A woman with no heart is not a woman at all; her heart is what makes her a woman. Her heart is what connects her to God, and the only thing that enables her to do all the things that she does. This explains why women die when they stop loving. They disconnect from their source and become unable to do what they were created to do, and the life within them dies.
Women are energy sources to others, and others are an energy source to them. That’s why women have to remember to stay connected to each other. No woman is an island unto herself. Therefore, we must never retreat to ourselves too long, because we become defeated when we are by ourselves. The devil gets in our heads and fills us with doubt and hopelessness as we look continually at our situation and not to the God of our hope. Isolation is the biggest pit for women because we punish and blame ourselves when we are there. This is because we are absent from the support and encouragement that we need all the time. A woman without support is like a fish out of water. We will not last very long without the presence of others.
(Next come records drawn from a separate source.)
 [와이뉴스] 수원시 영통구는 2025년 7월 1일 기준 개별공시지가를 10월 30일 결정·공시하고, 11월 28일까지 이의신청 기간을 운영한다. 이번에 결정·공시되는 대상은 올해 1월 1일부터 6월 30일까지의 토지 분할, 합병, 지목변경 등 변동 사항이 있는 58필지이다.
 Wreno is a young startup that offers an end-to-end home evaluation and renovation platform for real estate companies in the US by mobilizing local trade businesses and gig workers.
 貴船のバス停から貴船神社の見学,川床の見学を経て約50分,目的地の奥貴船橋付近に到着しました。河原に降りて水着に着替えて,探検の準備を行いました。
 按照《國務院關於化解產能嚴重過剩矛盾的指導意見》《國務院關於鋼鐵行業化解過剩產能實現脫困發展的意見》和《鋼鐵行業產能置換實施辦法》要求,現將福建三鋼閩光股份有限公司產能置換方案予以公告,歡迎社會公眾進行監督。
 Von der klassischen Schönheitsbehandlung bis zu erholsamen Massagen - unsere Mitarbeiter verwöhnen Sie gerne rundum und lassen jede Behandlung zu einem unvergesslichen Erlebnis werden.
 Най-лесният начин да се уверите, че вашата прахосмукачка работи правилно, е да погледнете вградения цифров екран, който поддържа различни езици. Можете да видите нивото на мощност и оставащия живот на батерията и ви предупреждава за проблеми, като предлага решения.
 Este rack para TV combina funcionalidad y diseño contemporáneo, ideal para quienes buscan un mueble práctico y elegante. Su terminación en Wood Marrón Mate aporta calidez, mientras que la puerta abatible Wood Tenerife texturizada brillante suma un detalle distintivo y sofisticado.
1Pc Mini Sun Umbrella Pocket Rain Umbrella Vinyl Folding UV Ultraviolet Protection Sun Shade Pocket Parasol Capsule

God designed us to be interconnected. We are to work together and help each other recognize our value and worth. Most of us devalue ourselves while valuing everyone else. The problem is that we give so much of ourselves without allowing others to give to us. We sometimes have a false sense of giving. We often reject the blessings that others offer us. When others try to show us appreciation, we say; "That’s alright, I didn’t do it for that." Later, we become resentful that others are getting so much from us and no one is giving anything to us. From there, we go to "it’s all about me," but there is no balance in that.
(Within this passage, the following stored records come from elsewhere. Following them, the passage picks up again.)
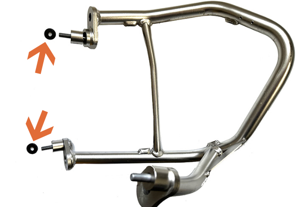 *X-HeadとGSやGS AdventureのBMW純正エンジンガードを併用する場合は、エンジンガードとのクリアランスを確保するためエンジンガード下部2箇所のボルトにスペーサー(左右で4箇所)を別途追加する必要があります。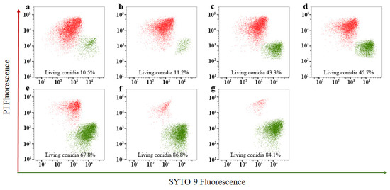Flow cytometry analysis of the effects of key metabolites on the conidia viability of Fusarium solani. (a) Positive controls. (b) Fusarium solani treated with caproic acid. (c) Fusarium solani treated with brevianamide F. (d) Fusarium solani treated with mixed metabolite. (e) Fusarium solani treated with L-ASP. (f) Fusarium solani treated with L-VAL. (g) Negative control.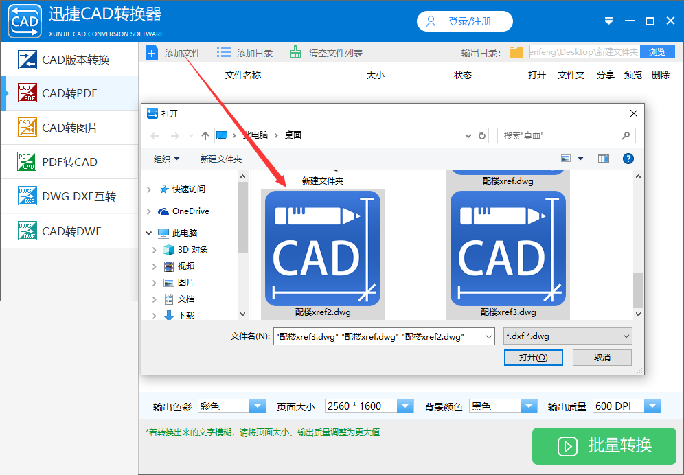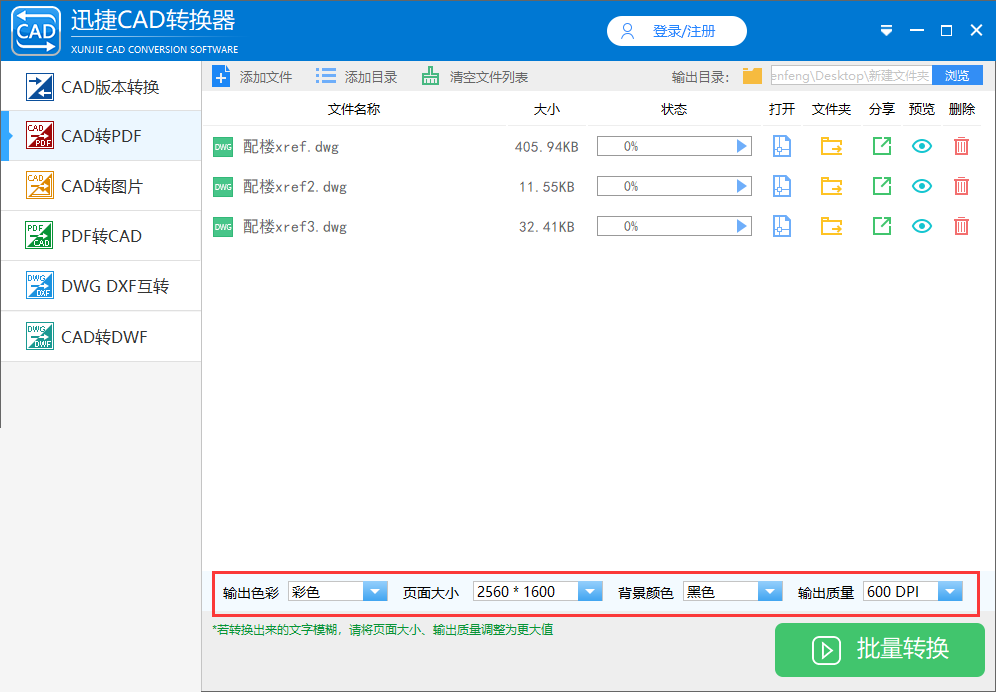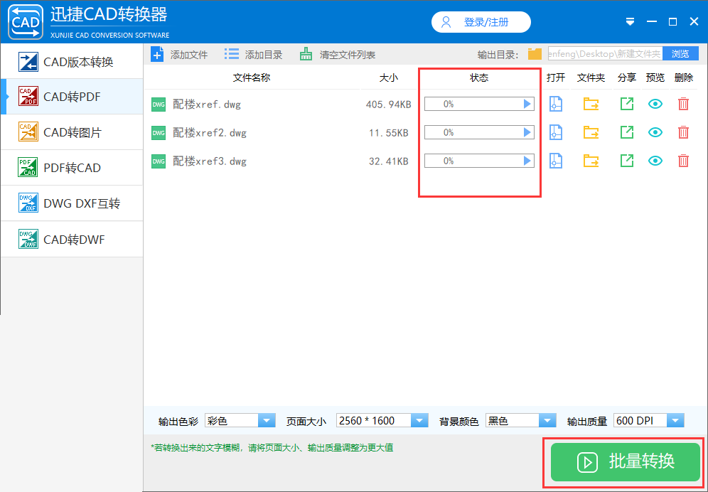 随后逐个点击状态栏的三角图标就可以将添加的cad转换成pdf格式,也可以点击批量转换选项统一将添加好的cad转换成pdf格式。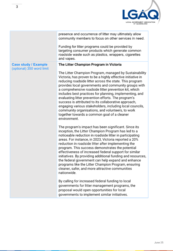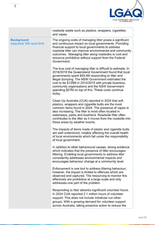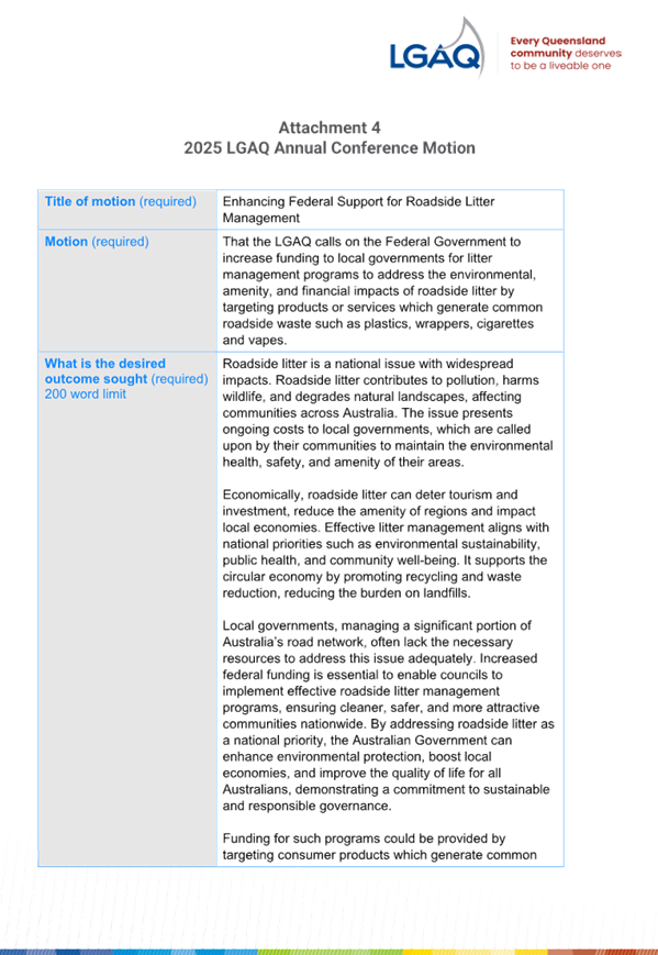 Ordinary Meeting Agenda Item 8.7 Motions for the 2025 Local Government Association of Queensland Annual Conference Attachment 4 Roadside litter management |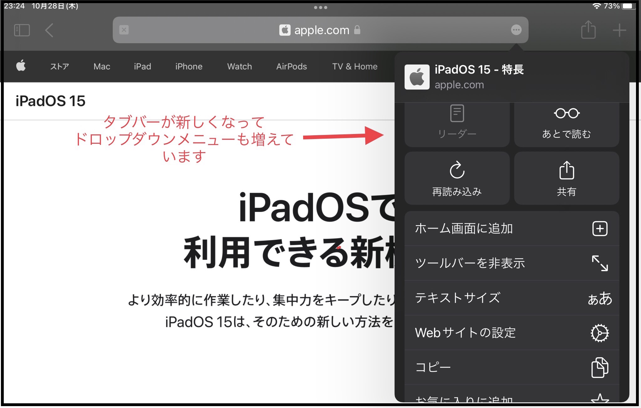 15.1になってから、タブの中に新しく機能が増えたようなので、追加しておきます。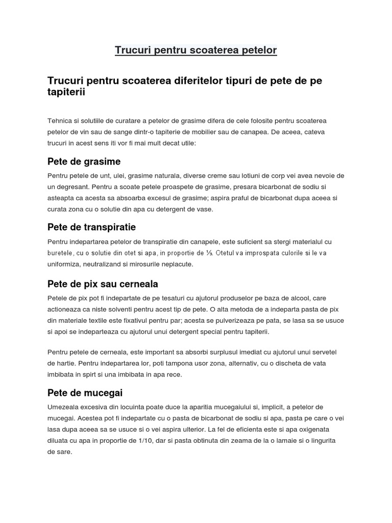vizitati articolul complet aici : https://www.sanatatenonstop.ro/bicarbonat-de-sodiu-beneficii-utilizari-si-retete/ Draperiile si perdelele, stropite cu pulbere uscata de bicarbonat de sodiu, isi regasesc culoarea naturala. La fel si cu piesele de imbracaminte, adesea patate de parfum sau deodorant. Pulverizeaza pe geamuri, apoi sterge cu o carpa uscata.

When we learn to include ourselves while caring for others, we find the true meaning of caring. However, we cannot expect others to do for us what we won’t do for ourselves. Learn to do things that you enjoy. Take some time on a regular basis to rejuvenate yourself. Surround yourself with people who give and receive. Stop all relationships with takers, and you will enjoy your life in a more fulfilling way.
FAITH TO BELIEVE
A woman’s faith is what activates her power to love. In her mind, love will make everything better, and it will. Women believe that things can be a lot better than they appear at this moment. She becomes a source of hope for everyone who comes to her for help. God has brought her through so many trials that she can walk with others when they are in their dark places. She understands that morning will come. However, she can spend so much time being all things to all people that she fails to have faith in herself and the plan God has for her life. She encourages others with the word of God, but forgets that those same words apply to her. Therefore, it is important that women make time for God and fellowship with other people who are spiritually stronger than we are. When we allow time for our own spiritual growth, we are able to minister healing to others. We can do this by listening and talking to people who are spiritually grounded. They show us how to live our lives with a lot less fear and uncertainty by helping us realize that everything in the natural started in the spirit. That knowledge keeps us calm when life just doesn’t go the way we want it to. Putting our faith in God allows us to become everything He created us to be and our lives will become purposeful and more meaningful. Faith is the one thing that makes life doable. Therefore, building our faith is one of the best things we can do to bring out the best in our lives. When our faith grows, we will be better able to walk in the faith that God has given to us while helping others walk in theirs.